Saved data entries:
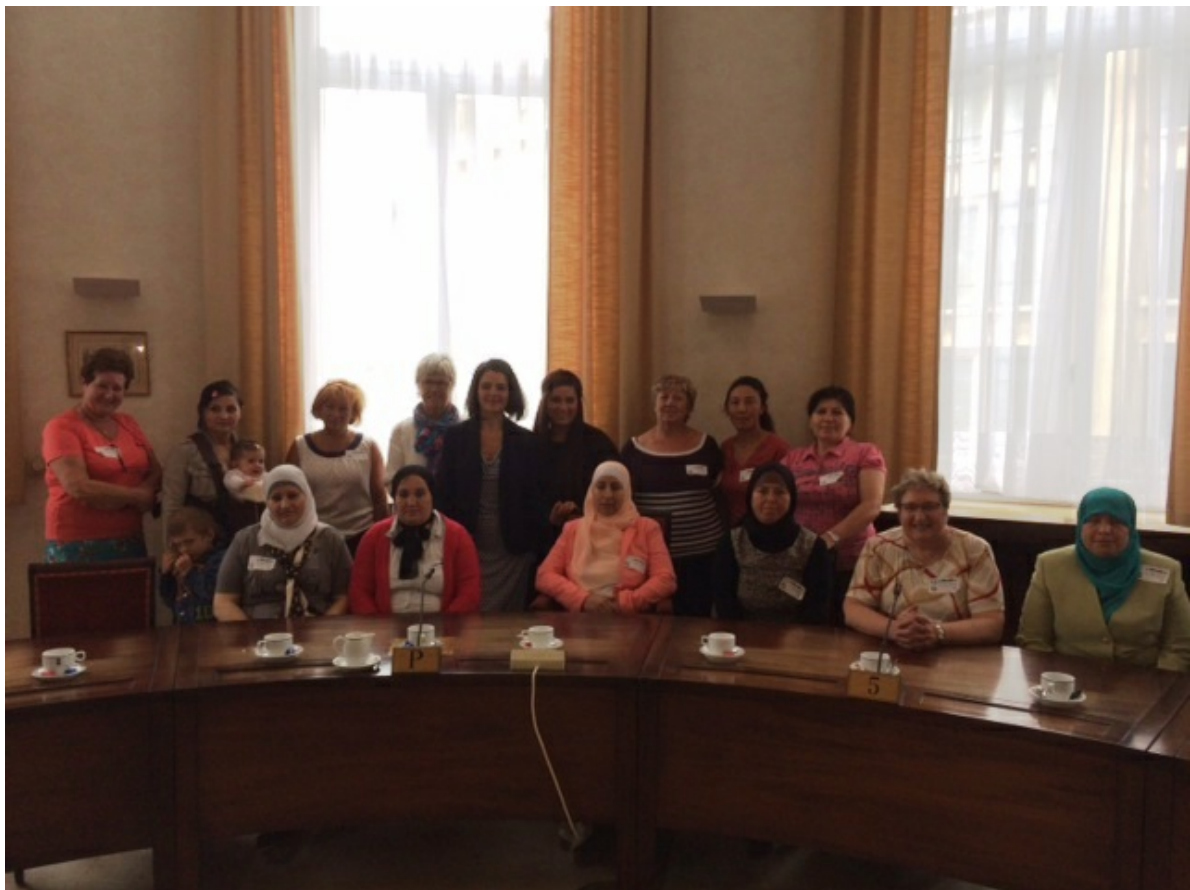
Bezoek KWB Noord-Antwerpen (26 juni 2014)
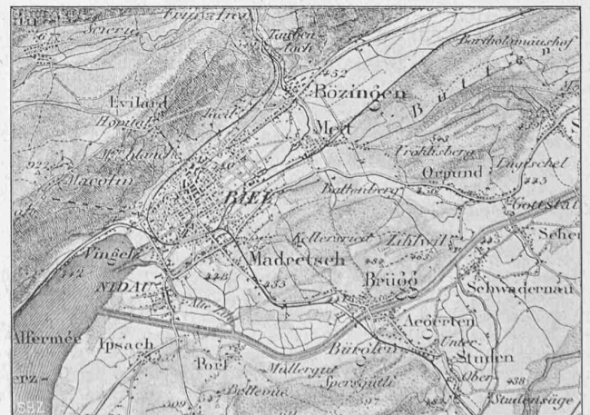
Abb. 1. Uebersichtskarte von Bözingen und Umgebung. — Masstab 1 : 100 000. Mit Bewilligung der Schweiz. Landestopographie vom 25. Oktober 1916.

befinden. Im Gange befindliche Versuche mit verfeinerten Einrichtungen, über die wir in Bälde berichten zu können hoffen, bestätigen mit aller wünschbaren Deutlichkeit die Existenz der neuen kritischen Geschwindigkeit.
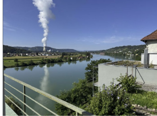
Blick von der Terrasse EG auf den Rhein
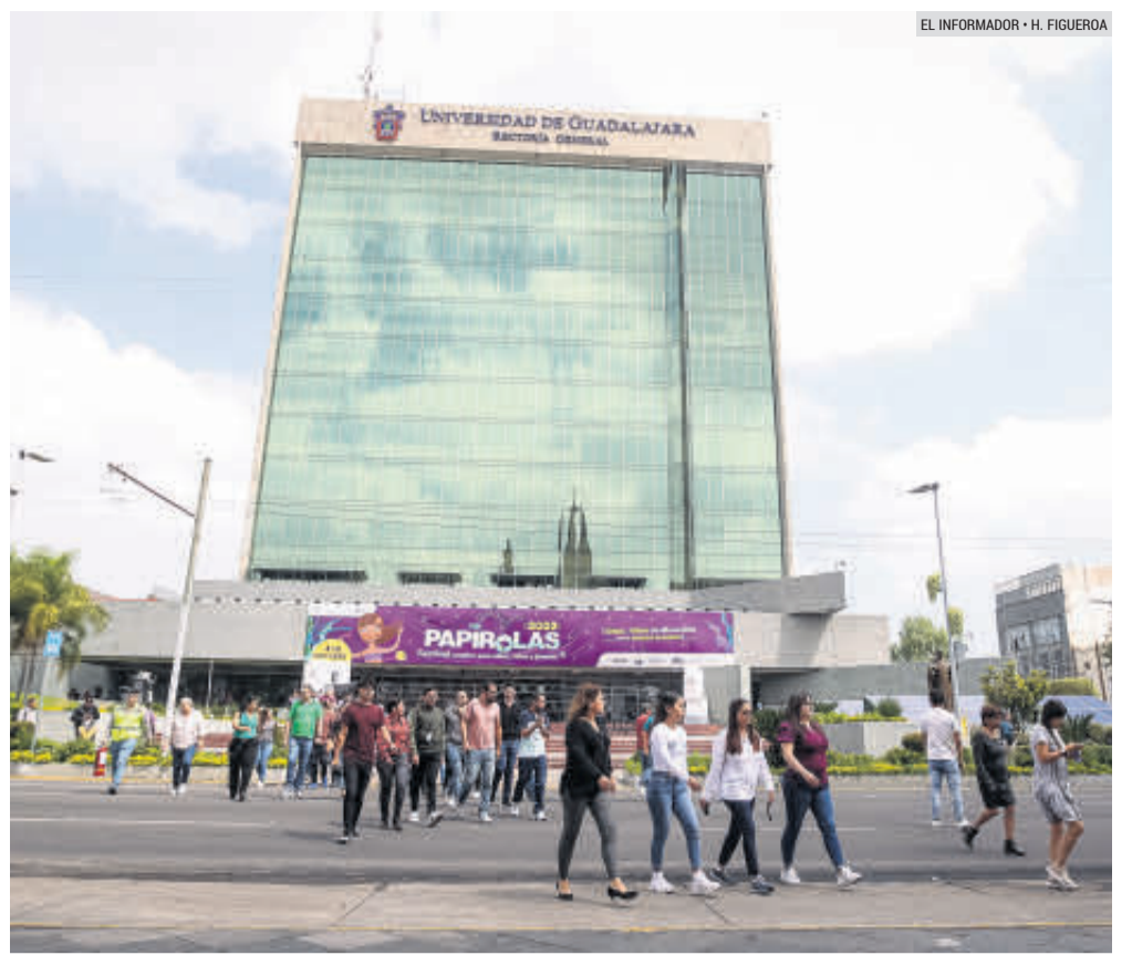
MEJORA. La propuesta del gobernador permitirá a la UdeG planificar sus gastos.

Ambos especialistas coincidieron en que es importante que la UdeG asegure que el presupuesto que corresponde a la Federación por lo menos se mantenga; también indicaron que la institución educativa deberá mejorar su diseño administrativo y de rendición de cuentas, mientras que a la sociedad le tocará revisar que el dinero se vaya a los temas necesarios para la Casa de Estudios.
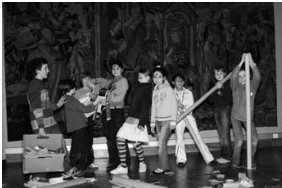
Se laisser ému par les œuvres

Ludiques et attrayantes, elles aident à mieux visualiser, à rendre plus concrètes certaines matières ou matériaux et à mieux comprendre les gestes ou les techniques (l'écriture, la pré-histoire, les Celtes et les Gallo-romains ou encore l'Égypte). Leur contenu offre une panoplie d'activités destinées à piquer la curiosité des enfants tout en élargissant l'horizon de leurs connaissances.
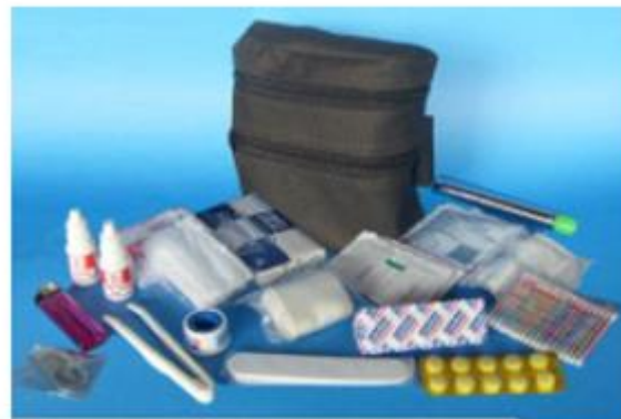
Estuche en lona impermeable, con pasador para llevar al cinto Dimensiones: 10 x 12,5 x 6 cm

■ **ACTIVITY**
For this exercise, set down the lines in the entries above from the one with "Ambos especialistas coincidieron" through the one with "Se laisser ému par les œuvres" exactly as written, without any pictures.

■ **FINAL ANSWER**
Ambos especialistas coincidieron en que es importante que la UdeG asegure que el presupuesto que corresponde a la Federación por lo menos se mantenga; también indicaron que la institución educativa deberá mejorar su diseño administrativo y de rendición de cuentas, mientras que a la sociedad le tocará revisar que el dinero se vaya a los temas necesarios para la Casa de Estudios.
Se laisser ému par les œuvres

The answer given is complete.